:: Problem requirements ::
Below is a listing; retype exactly the lines between the one containing "Πολύ θετική εντύπωση" and the one containing "Khóa cửa phòng", inclusive, minus the pictures.

++++ Data for processing ++++

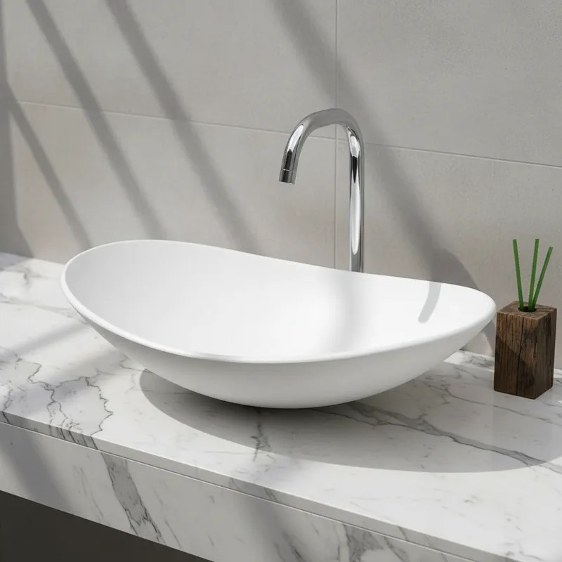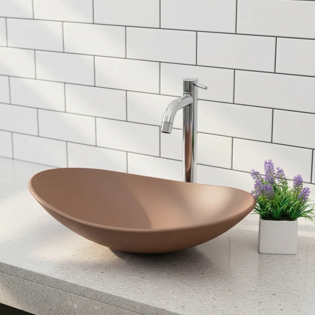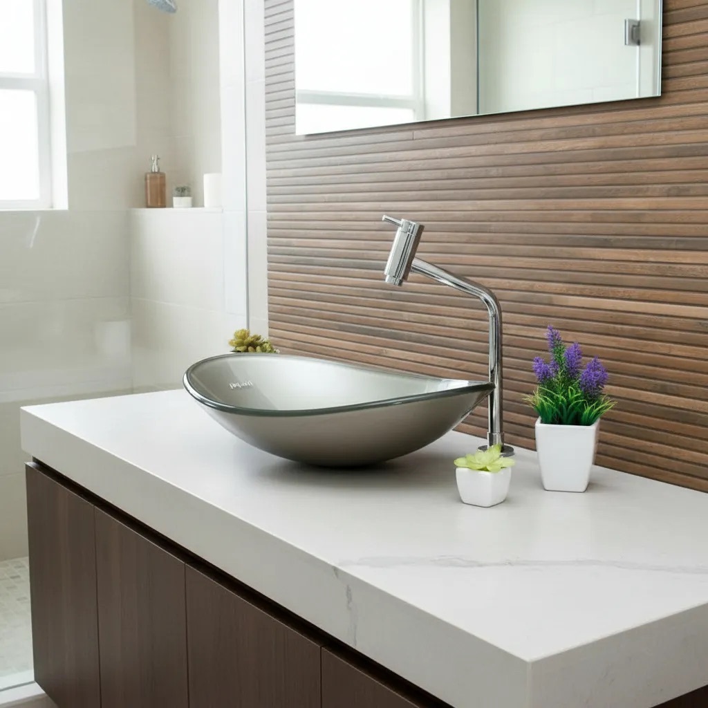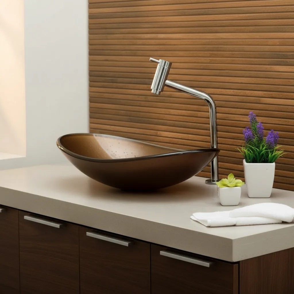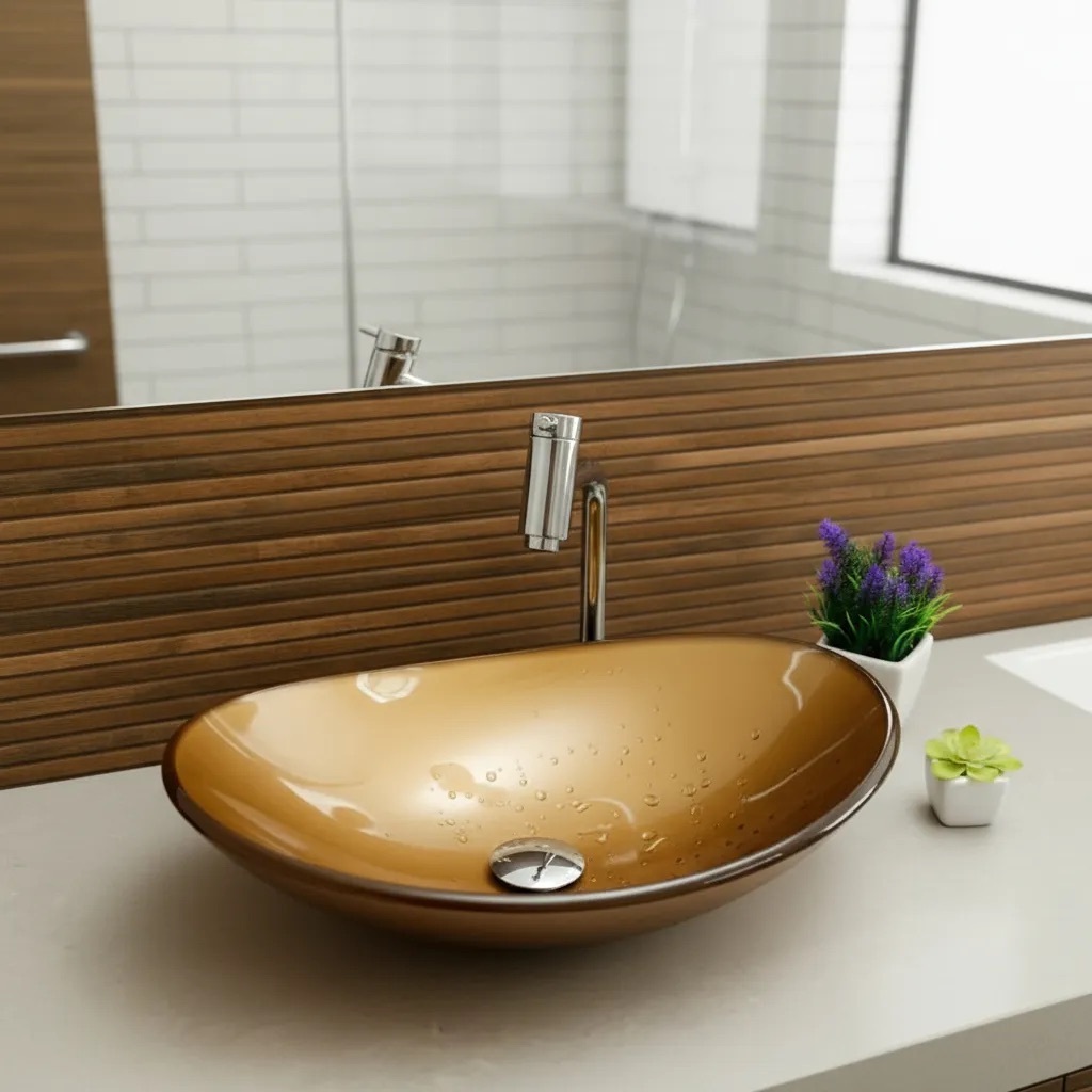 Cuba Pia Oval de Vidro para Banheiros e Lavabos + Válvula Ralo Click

++++
++++ Data for processing ++++

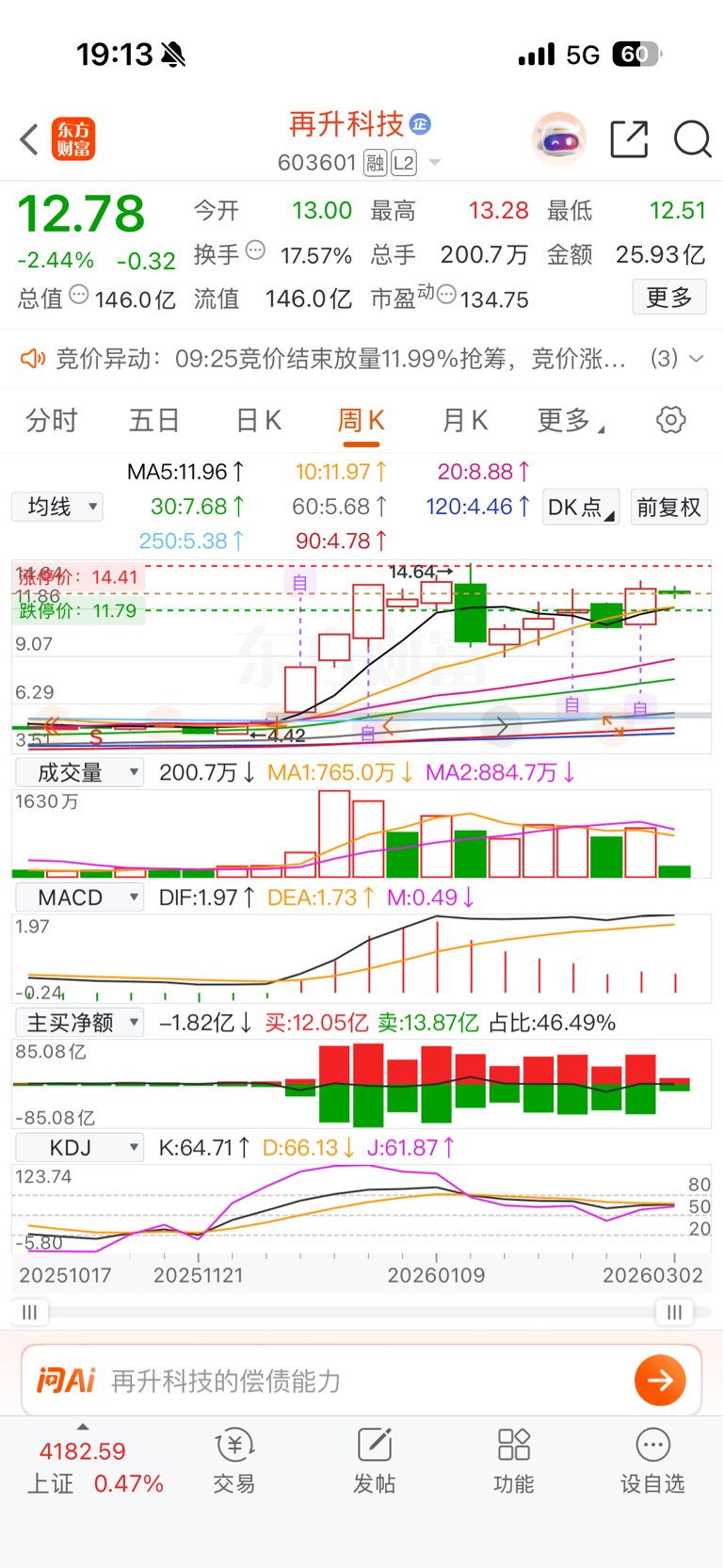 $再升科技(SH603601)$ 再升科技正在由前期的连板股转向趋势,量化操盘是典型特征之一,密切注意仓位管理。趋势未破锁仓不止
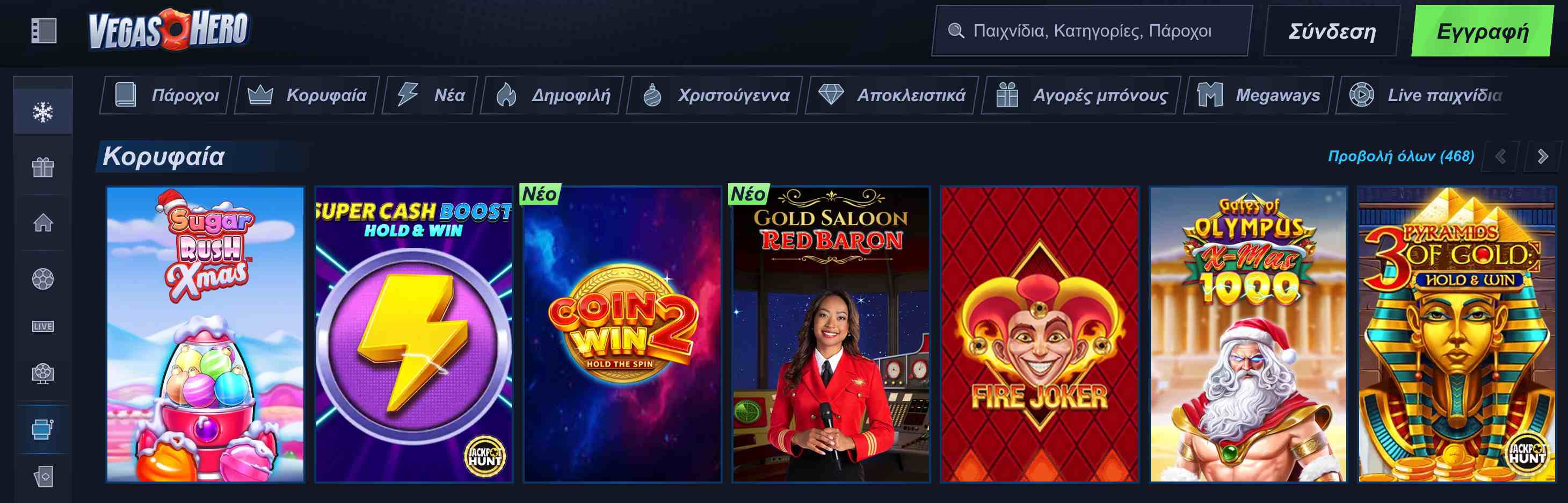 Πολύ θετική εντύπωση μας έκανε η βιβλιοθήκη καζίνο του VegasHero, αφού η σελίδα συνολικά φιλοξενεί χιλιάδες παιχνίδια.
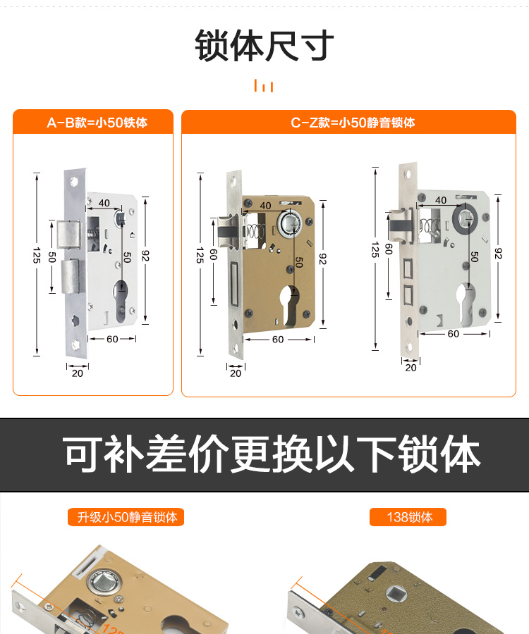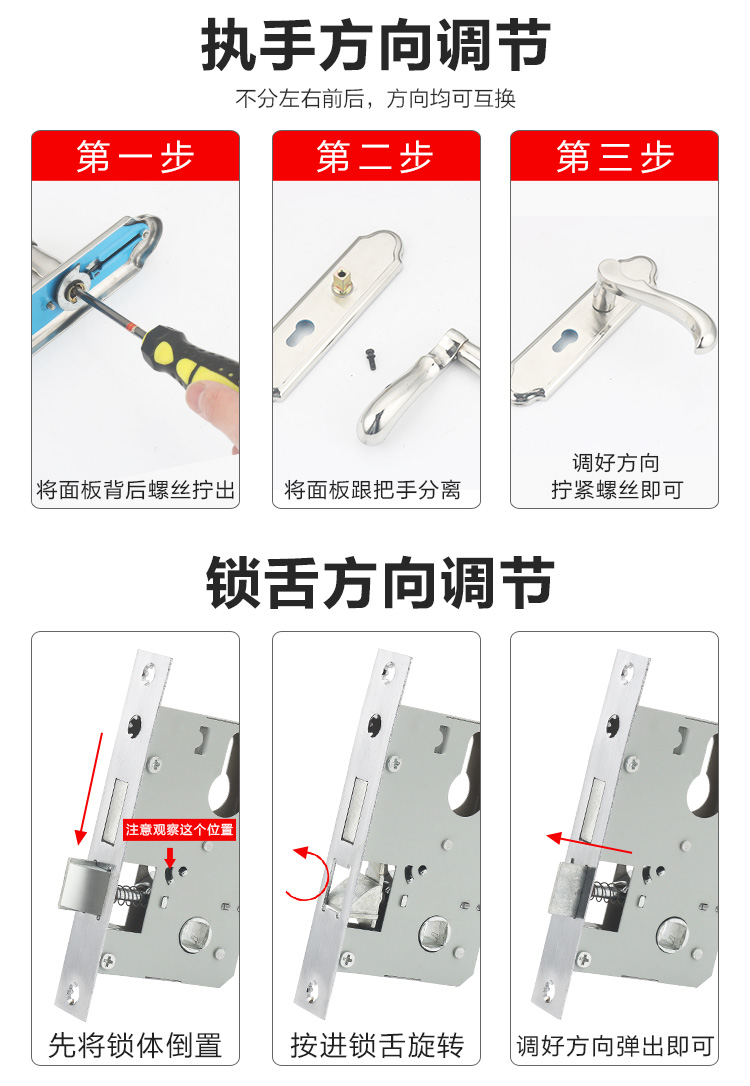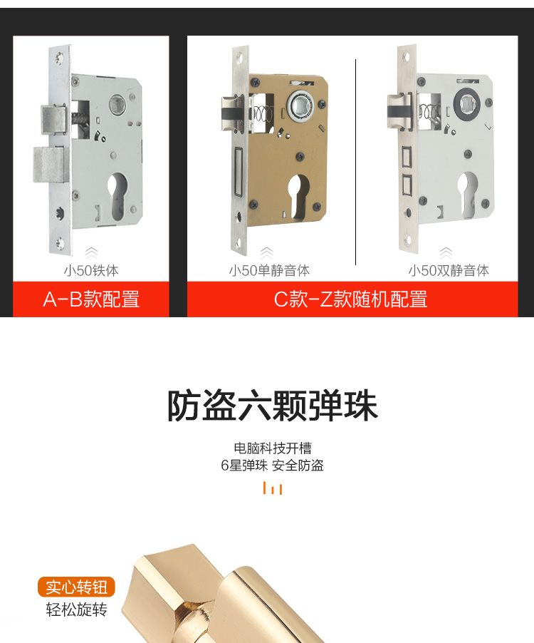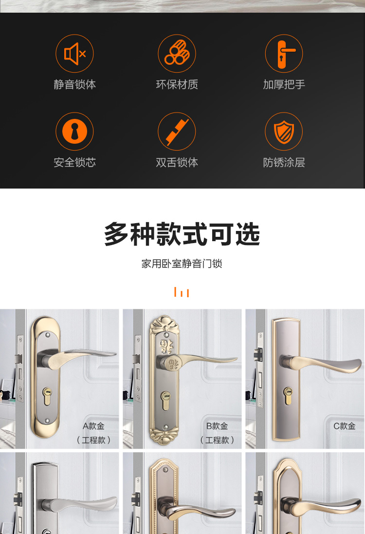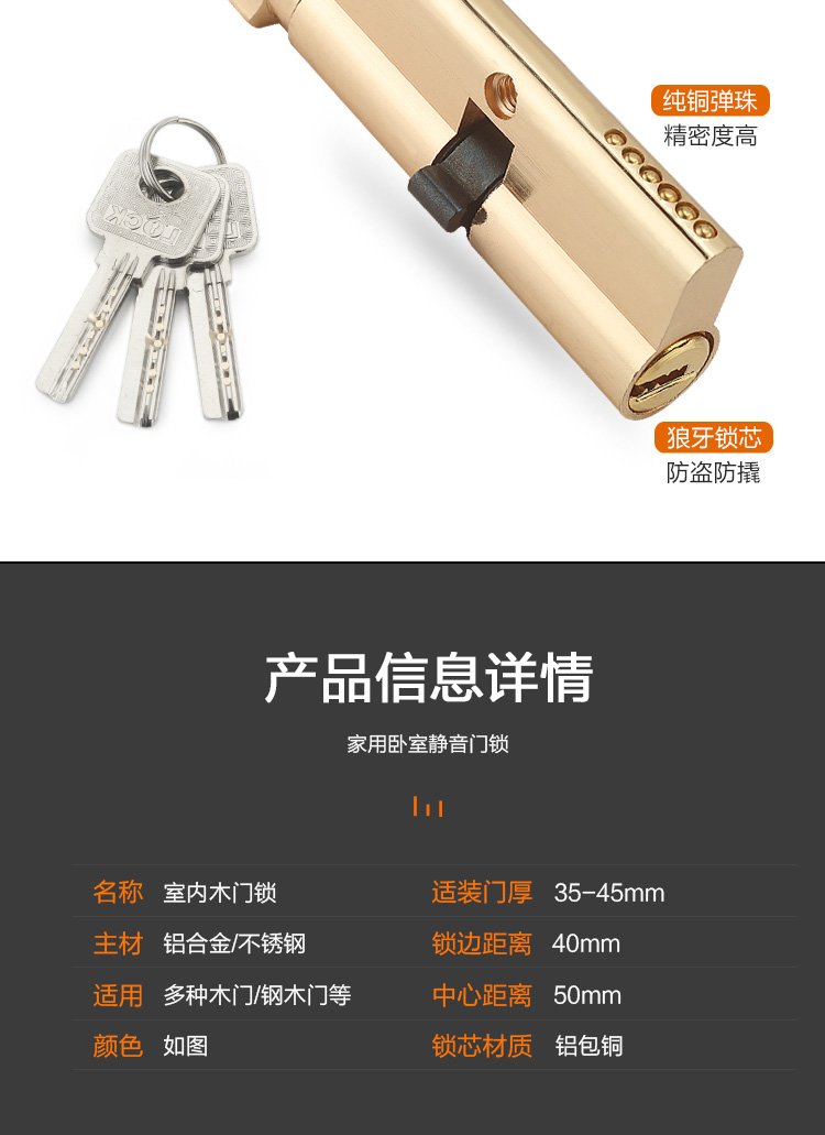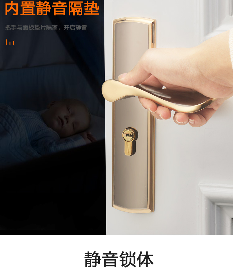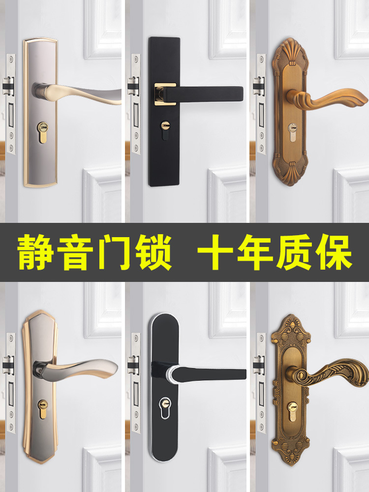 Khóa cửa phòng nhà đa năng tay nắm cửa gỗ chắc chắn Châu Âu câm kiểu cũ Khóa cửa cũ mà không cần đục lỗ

++++

:: Answer to the exercise ::
 Πολύ θετική εντύπωση μας έκανε η βιβλιοθήκη καζίνο του VegasHero, αφού η σελίδα συνολικά φιλοξενεί χιλιάδες παιχνίδια.
 Khóa cửa phòng nhà đa năng tay nắm cửa gỗ chắc chắn Châu Âu câm kiểu cũ Khóa cửa cũ mà không cần đục lỗ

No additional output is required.